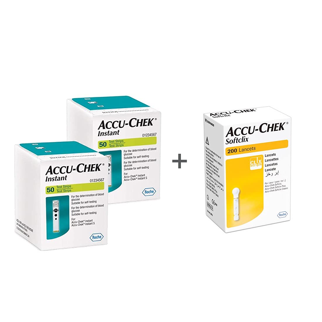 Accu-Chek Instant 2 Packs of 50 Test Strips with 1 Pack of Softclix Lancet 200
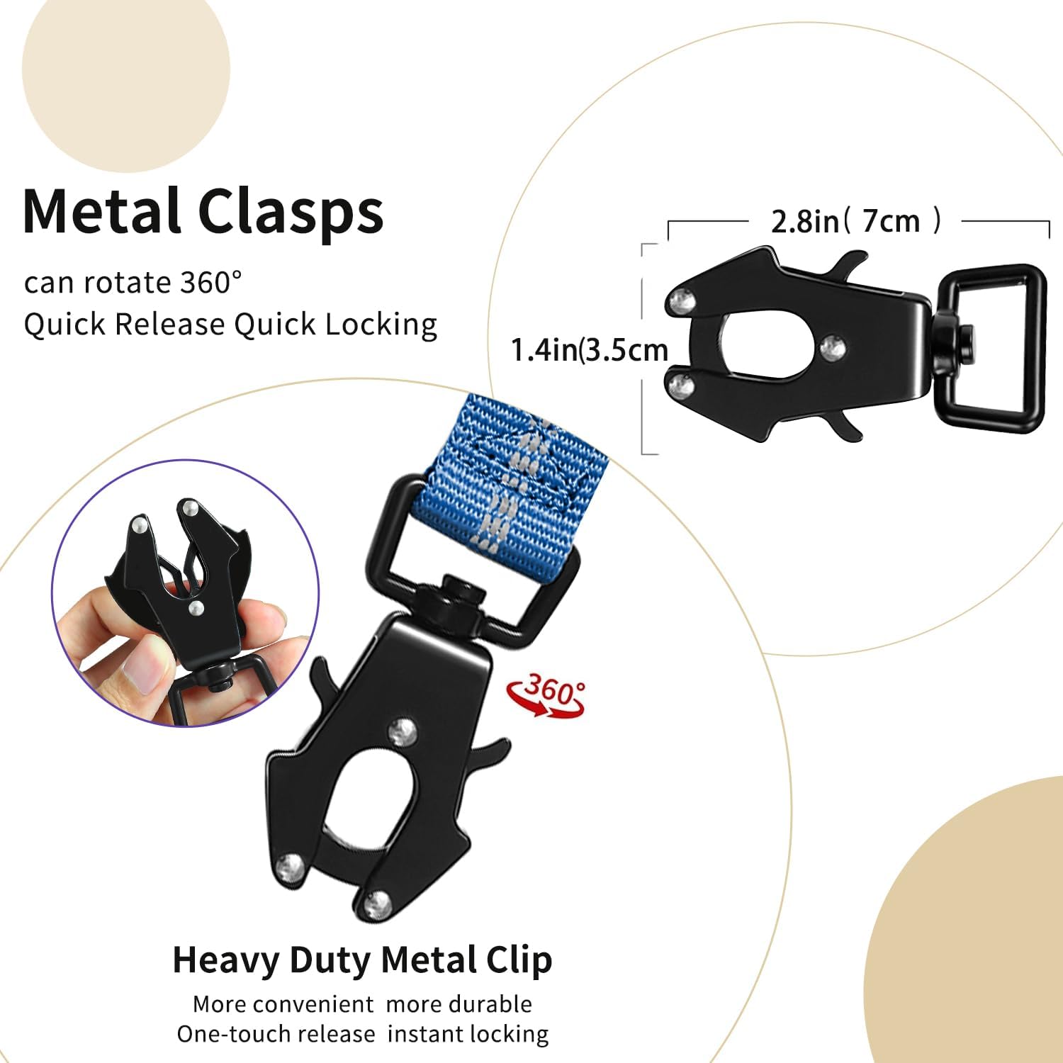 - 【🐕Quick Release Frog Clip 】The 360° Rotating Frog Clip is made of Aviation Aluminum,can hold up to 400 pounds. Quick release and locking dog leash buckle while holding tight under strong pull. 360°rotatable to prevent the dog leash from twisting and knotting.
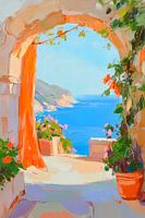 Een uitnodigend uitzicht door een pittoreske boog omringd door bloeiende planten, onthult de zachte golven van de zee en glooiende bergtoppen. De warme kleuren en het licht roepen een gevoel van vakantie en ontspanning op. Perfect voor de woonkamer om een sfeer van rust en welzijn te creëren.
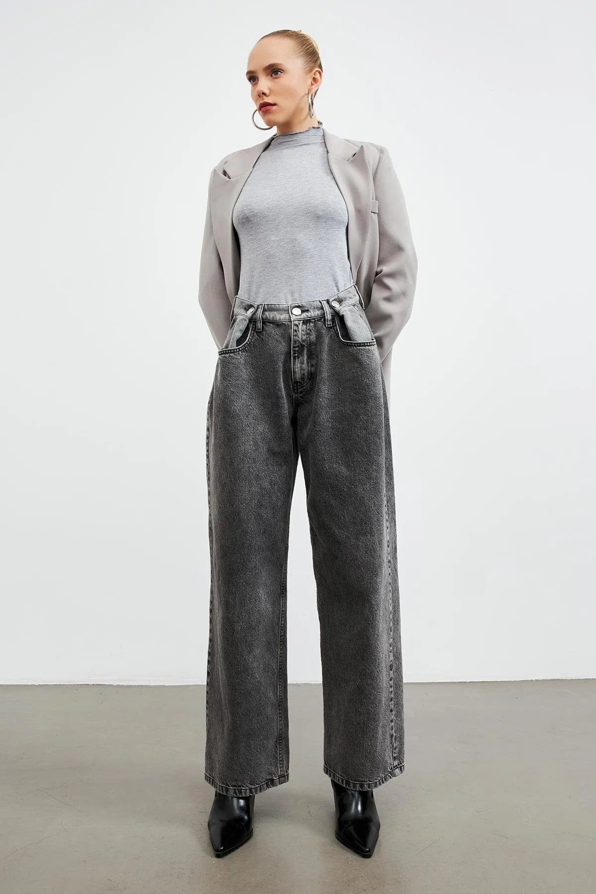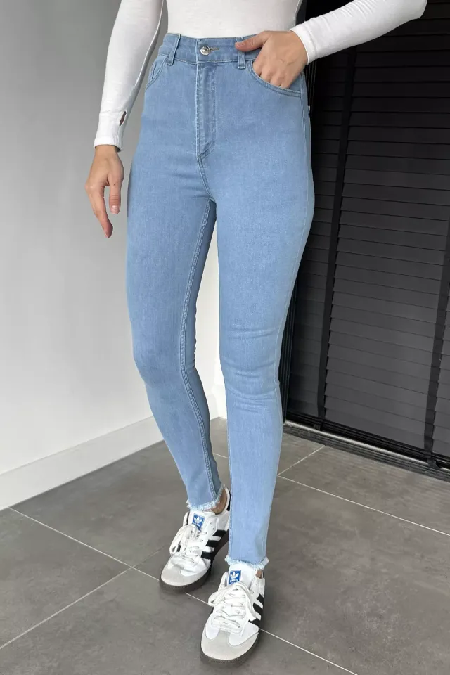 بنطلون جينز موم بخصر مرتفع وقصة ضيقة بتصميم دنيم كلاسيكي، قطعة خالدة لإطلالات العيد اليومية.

━━━━

-- Your objective --
Return the listing above in an exact copy that leaves out the images.

-- Answer space --
 Accu-Chek Instant 2 Packs of 50 Test Strips with 1 Pack of Softclix Lancet 200
 - 【🐕Quick Release Frog Clip 】The 360° Rotating Frog Clip is made of Aviation Aluminum,can hold up to 400 pounds. Quick release and locking dog leash buckle while holding tight under strong pull. 360°rotatable to prevent the dog leash from twisting and knotting.
 Een uitnodigend uitzicht door een pittoreske boog omringd door bloeiende planten, onthult de zachte golven van de zee en glooiende bergtoppen. De warme kleuren en het licht roepen een gevoel van vakantie en ontspanning op. Perfect voor de woonkamer om een sfeer van rust en welzijn te creëren.
 بنطلون جينز موم بخصر مرتفع وقصة ضيقة بتصميم دنيم كلاسيكي، قطعة خالدة لإطلالات العيد اليومية.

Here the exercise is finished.